An interesting yet challenging special form of MRTA is mixed single- and multiple-depot MRTA (MSMD-MRTA); namely, some robots share a common depot like in SD-MRTA while the others have their own independent depots like the scenario of MD-MRTA. This is rarely studied in the literature to the best of our knowledge. But this can be solved easily by our model without any modifications of the network structure or additional re-training work. The comparison result is shown in Figure 9, where more than half of the robots share a common depot, while the others depart from their independent depots. The solutions are also satisfactory for these complex scenarios.

6. Discussion

The quick feed-forward and learnable characteristics make the proposed policy network architecture an efficient approach to resolving either single-depot, multiple-depot or even mixed single- and multiple-depot MRTA cases, as demonstrated in Section 5. However, the solution quality highly depends on the training data; for example, in Figure 7l, the model performs poorly on the instance of berlin52. The main reason for this is that the training data are generated in a uniform manner during the training process, whilst the tasks in the berlin52 case are not uniformly distributed. To overcome this, a post-processing technique can be applied. For example, Figure 10 shows the test result of the gnPN model post-processed using large neighborhood search (LNS) [43]. There is approx. a 10.9% improvement in the solution quality; the computational time, however, increased by 2.9 s due to the additional post-processing effort.

Robustness is inherently guaranteed by our approach thanks to the proposed graph normalization technique. This technique facilitates seamless adaptation to real-world applications, regardless of the map scale or orientation. In contrast, other DRL-based methods struggle with this, as it is hard to decide a coordinate transformation. To illustrate this point, consider Figure 11a,b for the DisPN, where a slight scaling and rotation of the configuration leads to significantly different solutions. In contrast, our approach captures the essential characteristics of the configuration, and the deterministic solution can be guaranteed, see Figure 11c,d.

7. Conclusions

Graph deep-reinforcement-learning-based methods are promising to tackle MRTA problems compared with conventional iteration-based methods; satisfactory solutions can be generated within a very short computational time thanks to the feed-forward and trainable policy network. We propose a robust architecture that can handle cases with variable numbers of agents and tasks in single-depot, multiple-depot, or even mixed single- and multiple-depot cases, without modification of the policy network structure and additional re-training efforts. The network is encoder–decoder-structured, using the GraphSAGE concept to extract the nodes’ features and the cross-attention mechanism to decode the action. We propose using graph normalization prior to GraphSAGE, which enables an easy adaption to real applications and guarantees a deterministic solution. Extensive experiments demonstrate the high efficiency and robustness of the proposed approach to handle various MRTA scenarios.

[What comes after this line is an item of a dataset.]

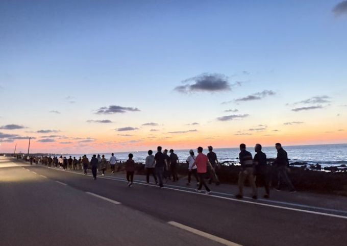 (포탈뉴스통신) 서귀포시는 일상생활 속 1일 7천 보 걷기 활성화를 위하여 11일 새벽 5시 신산리 마을주민들과 함께하는 '힐링 UP! 혼디모영 걸을락(樂)' 신산마을걷기를 운영했다.

In addition, the solution quality can be further improved by some post-processing techniques like large neighborhood search.

Future work will pay attention to enhancing the model’s capability of handling constraints like time-window and mileage limitations. Attention will also be given to heterogeneous multi-robot task allocation problems, where DRL-based methods can be used to solve the inner task allocation of a group of robots that are still homogeneous.

Author Contributions

Conceptualization, Z.Z., X.J. and Z.Y.; methodology, Z.Z. and X.J.; software, Z.Z.; validation, Z.Z.; formal analysis, X.J. and Z.Y.; investigation, Z.Z.; resources, S.M. and W.S.; data curation, Z.Z.; writing—original draft preparation, Z.Z.; writing—review and editing, X.J.; visualization, Z.Z.; supervision, S.M.; project administration, Z.Y. and J.C.; funding acquisition, S.M. and W.S. All authors have read and agreed to the published version of the manuscript.

Funding

This research is funded by National Natural Science Foundation of China (62303272); Key Research and Development Program of Shandong Province (2021CXGC011304); Project of Natural Science Foundation of Shandong Province (ZR2023QF067, ZR2022QF038, ZR2020MF066); China University Innovation Fund (2021ZYA12004); Qingdao Natural Science Foundation (23-2-1-118-zyyd-jch); Postdoctoral Innovation Project of Shandong Province (SDCX-ZG-202203036); Qingdao Postdoctoral Funding Project (QDBSH20220201013).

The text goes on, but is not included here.